Reproduce the material below line by line, beginning with its first line and ending with the line that contains "来自西班牙媒体《马卡报》的透"; leave out pictures.

[RECORDS TO USE]
• • • •
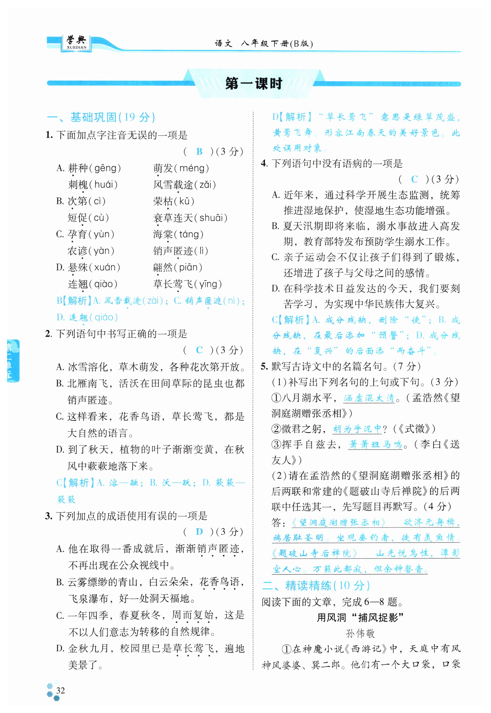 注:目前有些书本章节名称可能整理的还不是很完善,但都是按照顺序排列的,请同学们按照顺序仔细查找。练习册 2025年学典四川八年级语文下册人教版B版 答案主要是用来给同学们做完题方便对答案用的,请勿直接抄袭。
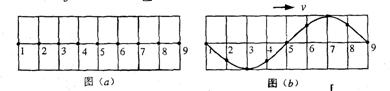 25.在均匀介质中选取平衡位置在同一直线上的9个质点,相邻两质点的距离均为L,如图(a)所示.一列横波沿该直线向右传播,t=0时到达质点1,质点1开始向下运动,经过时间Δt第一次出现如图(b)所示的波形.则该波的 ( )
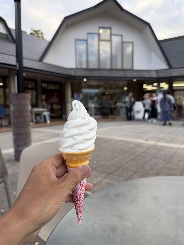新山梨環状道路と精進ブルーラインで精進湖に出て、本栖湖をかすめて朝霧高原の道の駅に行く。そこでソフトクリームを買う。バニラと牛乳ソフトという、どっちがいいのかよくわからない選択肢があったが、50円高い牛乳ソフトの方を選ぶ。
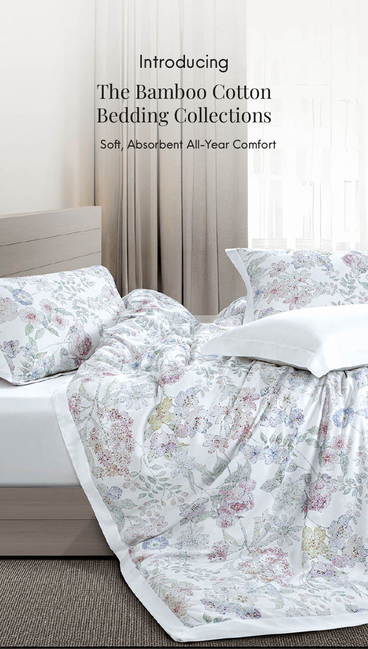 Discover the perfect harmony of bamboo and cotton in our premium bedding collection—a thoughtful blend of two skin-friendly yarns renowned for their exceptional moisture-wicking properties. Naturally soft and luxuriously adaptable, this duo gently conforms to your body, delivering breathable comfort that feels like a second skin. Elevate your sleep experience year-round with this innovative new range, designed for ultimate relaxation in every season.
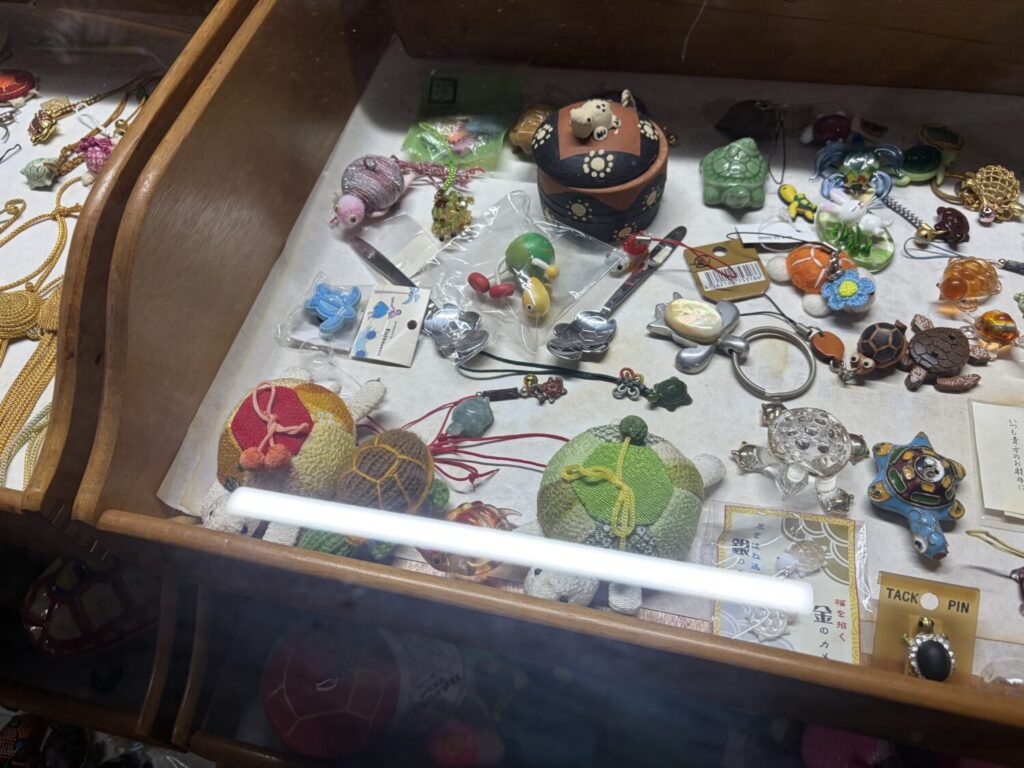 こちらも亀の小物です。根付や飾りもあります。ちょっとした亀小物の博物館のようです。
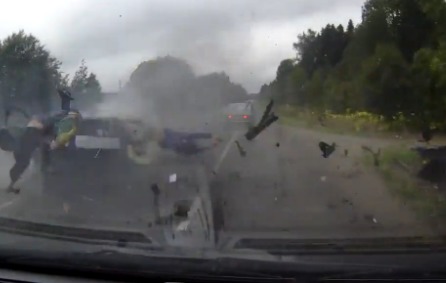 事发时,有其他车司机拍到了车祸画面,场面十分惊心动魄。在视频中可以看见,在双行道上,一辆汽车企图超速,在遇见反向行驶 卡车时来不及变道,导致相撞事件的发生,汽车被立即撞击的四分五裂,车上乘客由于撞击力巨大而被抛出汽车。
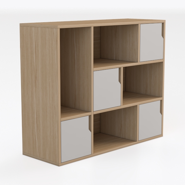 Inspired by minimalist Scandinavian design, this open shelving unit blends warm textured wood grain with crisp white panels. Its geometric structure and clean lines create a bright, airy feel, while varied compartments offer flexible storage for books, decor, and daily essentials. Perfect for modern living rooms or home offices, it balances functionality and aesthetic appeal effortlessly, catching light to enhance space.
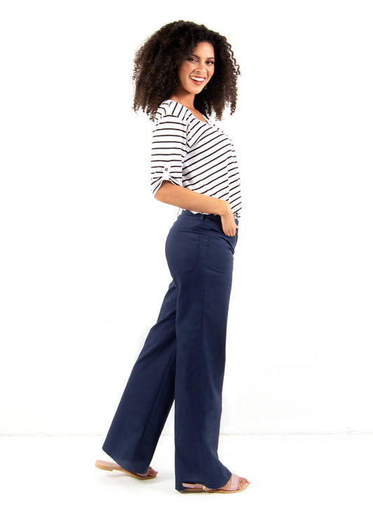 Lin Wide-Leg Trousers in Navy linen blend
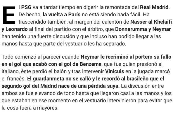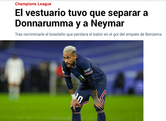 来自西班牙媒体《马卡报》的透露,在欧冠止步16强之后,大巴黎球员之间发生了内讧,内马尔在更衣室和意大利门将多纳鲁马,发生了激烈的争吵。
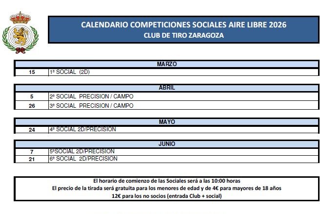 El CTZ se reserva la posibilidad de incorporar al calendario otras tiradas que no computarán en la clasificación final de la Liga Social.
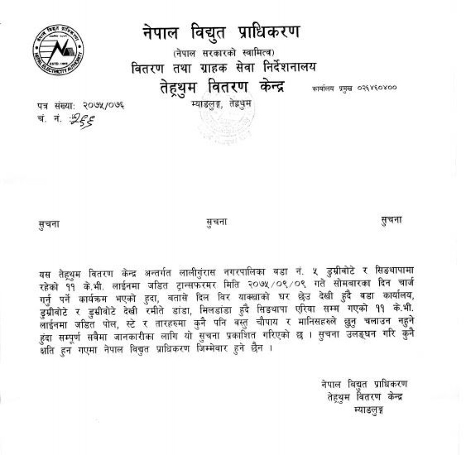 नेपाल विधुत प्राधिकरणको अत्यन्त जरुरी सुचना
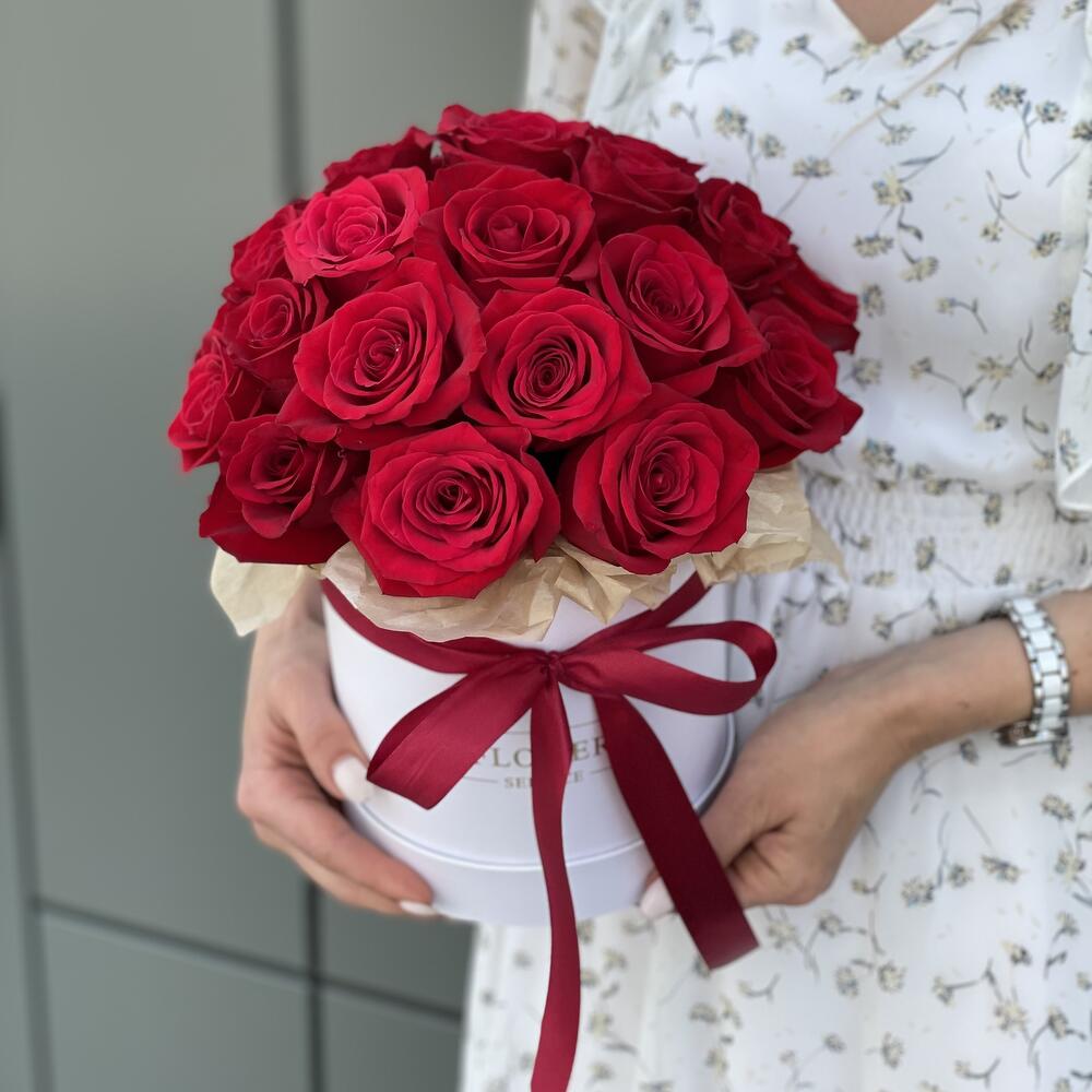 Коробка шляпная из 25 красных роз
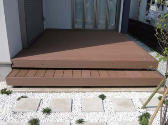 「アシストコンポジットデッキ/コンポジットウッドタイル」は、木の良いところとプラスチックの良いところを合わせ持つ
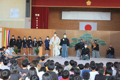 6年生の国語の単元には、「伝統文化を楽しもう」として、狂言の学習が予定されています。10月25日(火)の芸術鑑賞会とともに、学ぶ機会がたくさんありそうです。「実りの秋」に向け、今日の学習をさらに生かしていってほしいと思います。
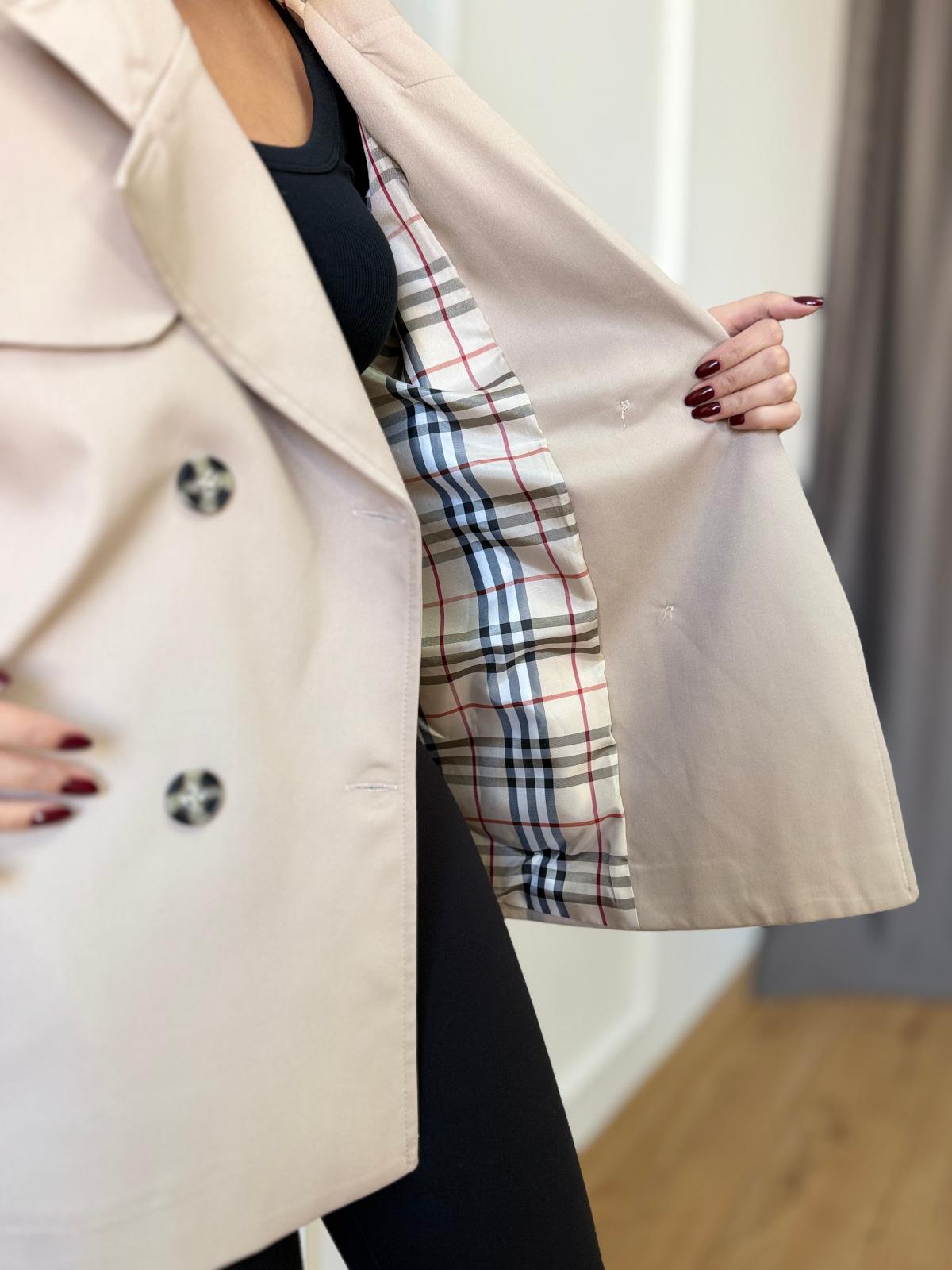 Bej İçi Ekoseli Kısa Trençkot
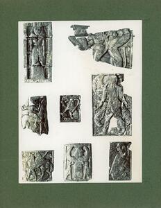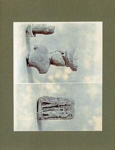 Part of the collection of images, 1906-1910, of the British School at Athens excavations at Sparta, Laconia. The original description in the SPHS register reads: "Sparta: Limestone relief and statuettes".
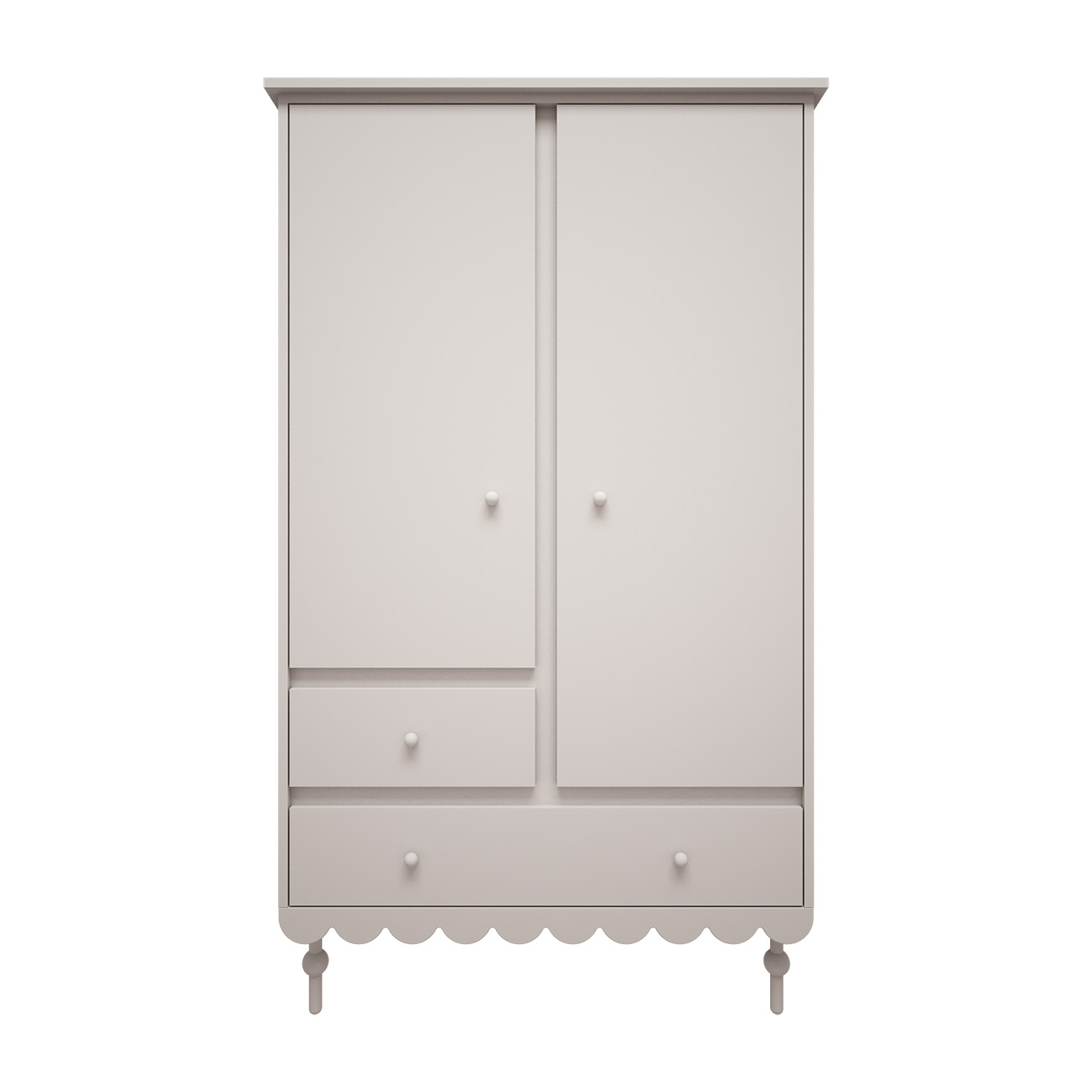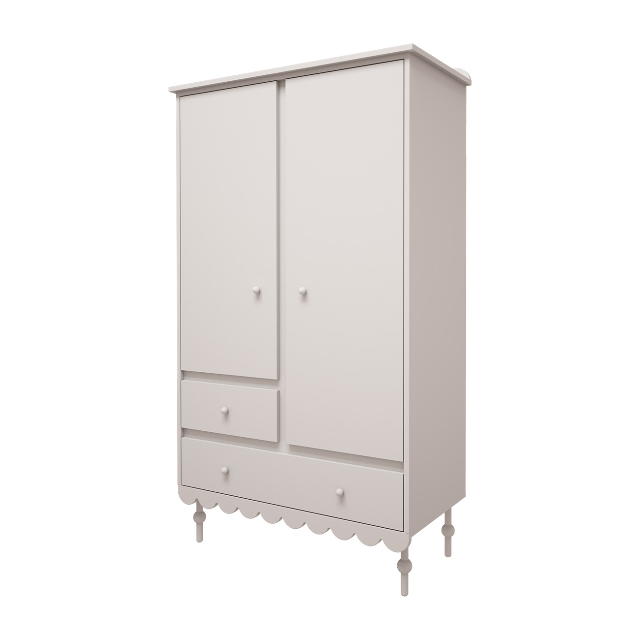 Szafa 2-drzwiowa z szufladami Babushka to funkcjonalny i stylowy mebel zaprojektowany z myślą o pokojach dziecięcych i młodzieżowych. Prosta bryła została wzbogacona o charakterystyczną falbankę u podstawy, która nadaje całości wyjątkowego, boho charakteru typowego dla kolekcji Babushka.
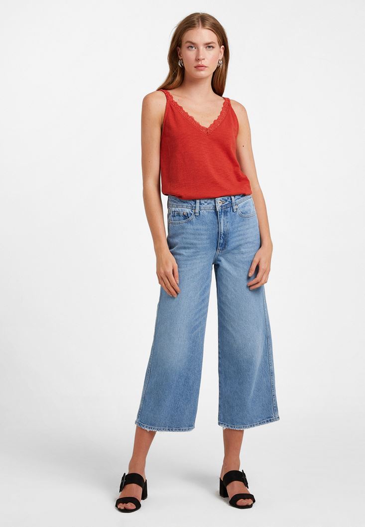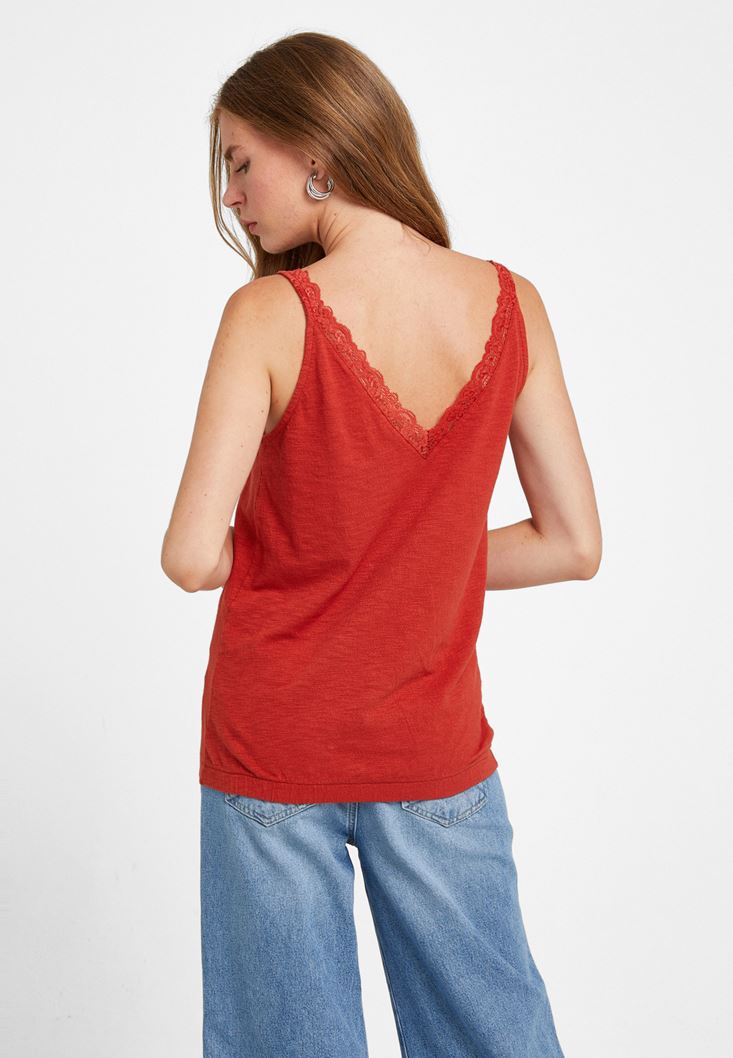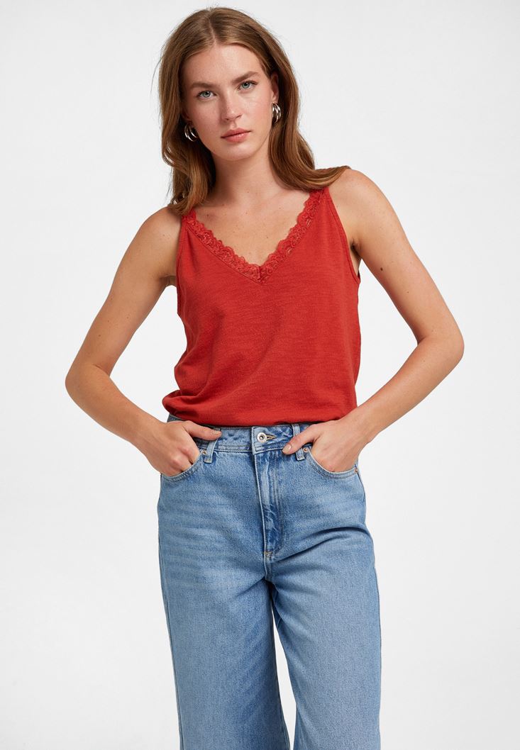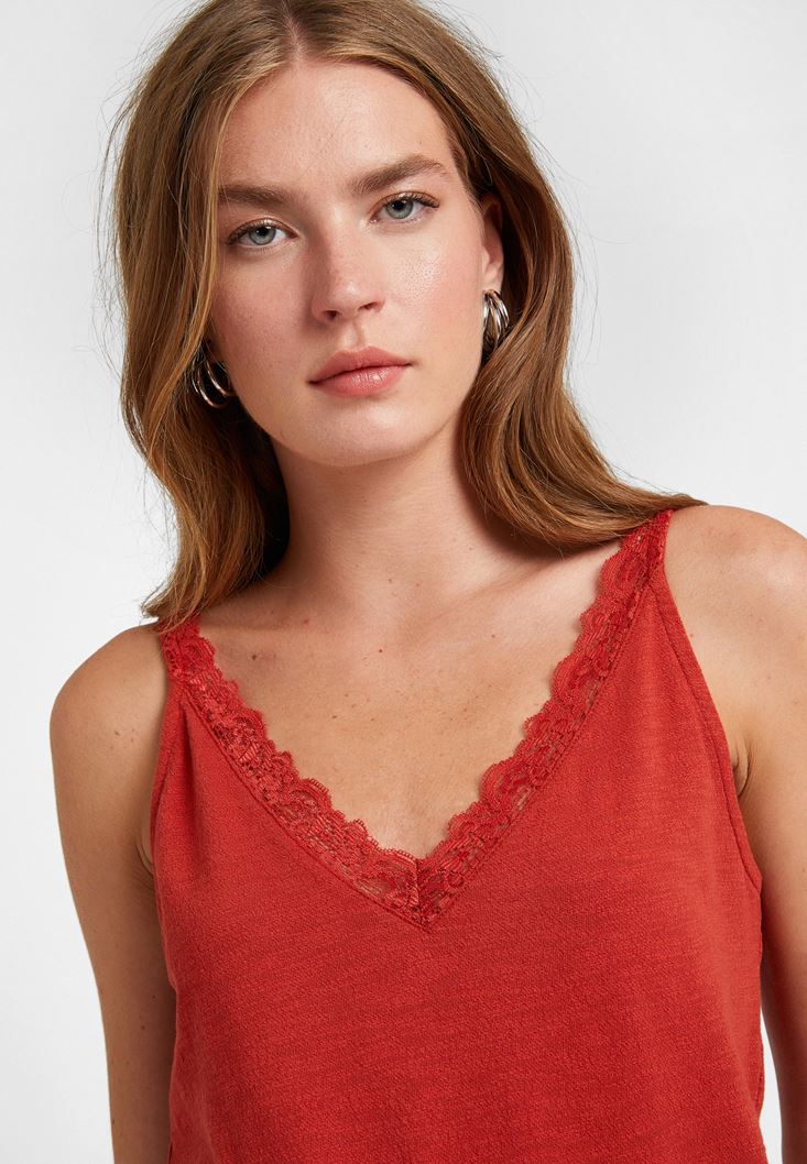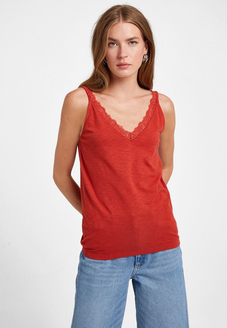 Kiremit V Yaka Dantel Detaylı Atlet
• • • •
[SOLUTION TO THE EXERCISE]
 注:目前有些书本章节名称可能整理的还不是很完善,但都是按照顺序排列的,请同学们按照顺序仔细查找。练习册 2025年学典四川八年级语文下册人教版B版 答案主要是用来给同学们做完题方便对答案用的,请勿直接抄袭。
 25.在均匀介质中选取平衡位置在同一直线上的9个质点,相邻两质点的距离均为L,如图(a)所示.一列横波沿该直线向右传播,t=0时到达质点1,质点1开始向下运动,经过时间Δt第一次出现如图(b)所示的波形.则该波的 ( )
新山梨環状道路と精進ブルーラインで精進湖に出て、本栖湖をかすめて朝霧高原の道の駅に行く。そこでソフトクリームを買う。バニラと牛乳ソフトという、どっちがいいのかよくわからない選択肢があったが、50円高い牛乳ソフトの方を選ぶ。
 Discover the perfect harmony of bamboo and cotton in our premium bedding collection—a thoughtful blend of two skin-friendly yarns renowned for their exceptional moisture-wicking properties. Naturally soft and luxuriously adaptable, this duo gently conforms to your body, delivering breathable comfort that feels like a second skin. Elevate your sleep experience year-round with this innovative new range, designed for ultimate relaxation in every season.
 こちらも亀の小物です。根付や飾りもあります。ちょっとした亀小物の博物館のようです。
 事发时,有其他车司机拍到了车祸画面,场面十分惊心动魄。在视频中可以看见,在双行道上,一辆汽车企图超速,在遇见反向行驶 卡车时来不及变道,导致相撞事件的发生,汽车被立即撞击的四分五裂,车上乘客由于撞击力巨大而被抛出汽车。
 Inspired by minimalist Scandinavian design, this open shelving unit blends warm textured wood grain with crisp white panels. Its geometric structure and clean lines create a bright, airy feel, while varied compartments offer flexible storage for books, decor, and daily essentials. Perfect for modern living rooms or home offices, it balances functionality and aesthetic appeal effortlessly, catching light to enhance space.
 Lin Wide-Leg Trousers in Navy linen blend
 来自西班牙媒体《马卡报》的透露,在欧冠止步16强之后,大巴黎球员之间发生了内讧,内马尔在更衣室和意大利门将多纳鲁马,发生了激烈的争吵。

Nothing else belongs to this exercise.